我有一个与此类似的数据集
User Date Value
A 2012-01-01 4
A 2012-01-02 5
A 2012-01-03 6
A 2012-01-04 7
B 2012-01-01 2
B 2012-01-02 3
B 2012-01-03 4
B 2012-01-04 5
我想创建一个Value的滞后,同时尊重User。
User Date Value Value.lag
A 2012-01-01 4 NA
A 2012-01-02 5 4
A 2012-01-03 6 5
A 2012-01-04 7 6
B 2012-01-01 2 NA
B 2012-01-02 3 2
B 2012-01-03 4 3
B 2012-01-04 5 4
我在循环中效率非常低下
df$value.lag1<-NA
levs<-levels(as.factor(df$User))
levs
for (i in 1:length(levs)) {
temper<- subset(df,User==as.numeric(levs[i]))
temper<- rbind(NA,temper[-nrow(temper),])
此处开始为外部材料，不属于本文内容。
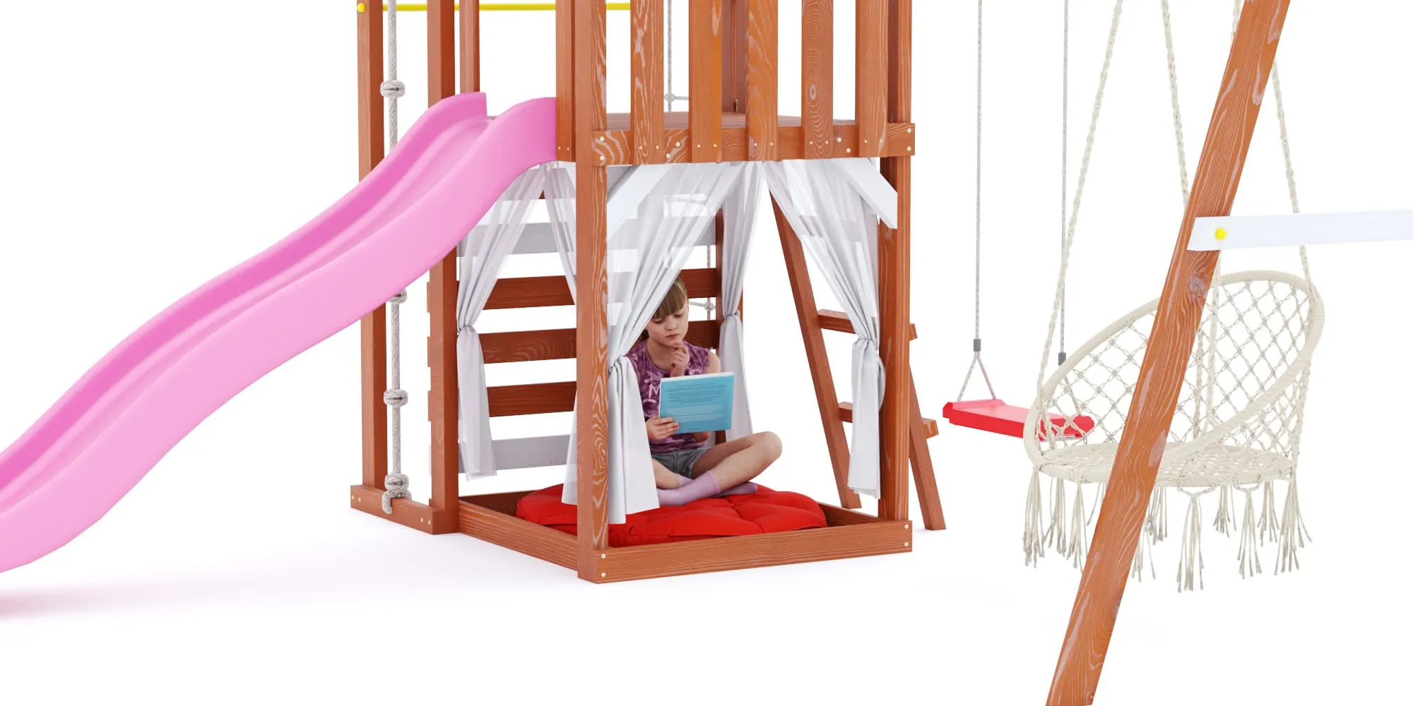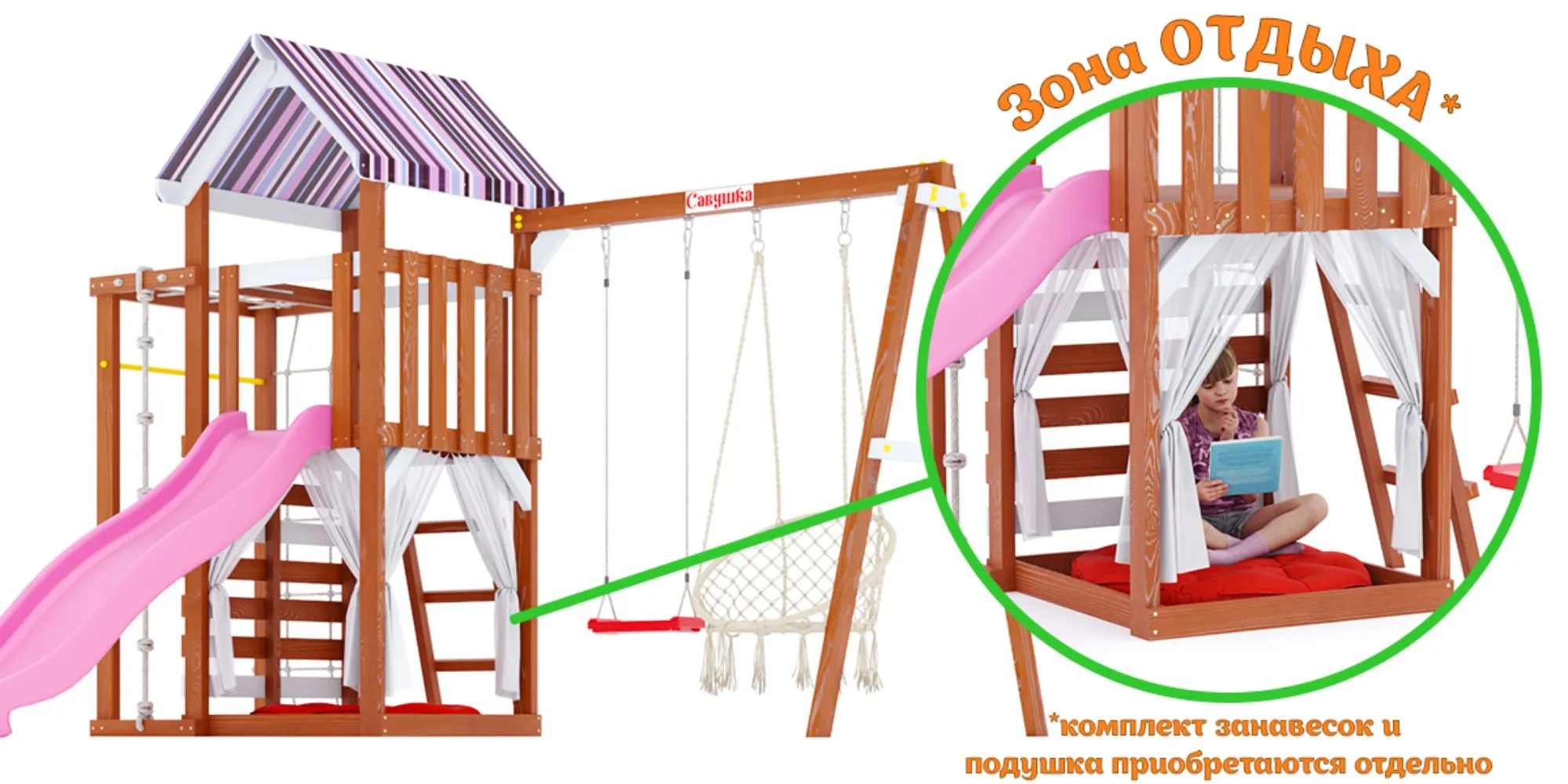 К площадке можно приобрести набор декоративных занавесок и подушку — создайте ещё более уютное игровое пространство для ребёнка.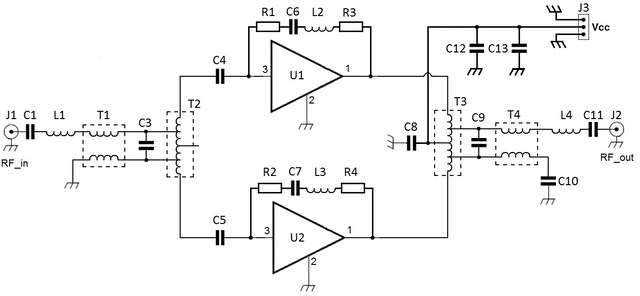 该评估板在推挽配置中使用两个恩智浦BGA3018信号放大器,从而产生更好的二阶失真(IP2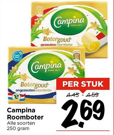 Bekijk nu de Campina Roomboter aanbieding in de Vomar folder. Deze aanbieding is geldig van 02-07-2025 tot en met 05-07-2025.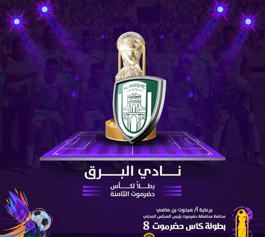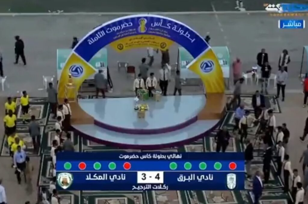 في عرس رياضي جماهيري شهدته محافظة حضرموت، حصد فريق البرق بتريم لقب كأس حضرموت لكرة القدم في نسختها الثامنة، بعد تفوقه على فريق المكلا بركلات الترجيح بنتيجة 4-3، في المباراة النهائية التي أقيمت عصر اليوم الجمعة 25 أكتوبر 2024، على استاد سيئون الأولمبي. انتهت المباراة بالتعادل الإيجابي 1-1 في وقتها الأصلي، وسط أجواء رياضية استثنائية وحضور جماهيري تجاوز 60 ألف مشجع من مختلف أنحاء المحافظة.

df$value.lag1[df$User==as.numeric(as.character(levs[i]))]<- temper
}
但是这很慢。我看过使用by和tapply,但没有弄清楚如何使它们工作。
我认为XTS或TS不会因为User元素而起作用。
有什么建议吗?
您可以使用ddply:它将data.frame切成小块并转换每块。
d <- data.frame(
User = rep( LETTERS[1:3], each=10 ),
Date = seq.Date( Sys.Date(), length=30, by="day" ),
Value = rep(1:10, 3)
)
library(plyr)
d <- ddply(
d, .(User), transform,
# This assumes that the data is sorted
Value = c( NA, Value[-length(Value)] )
)
我认为最简单的方法,尤其是考虑进行进一步分析的方法是,将数据帧从pdata.frame包转换为plm类。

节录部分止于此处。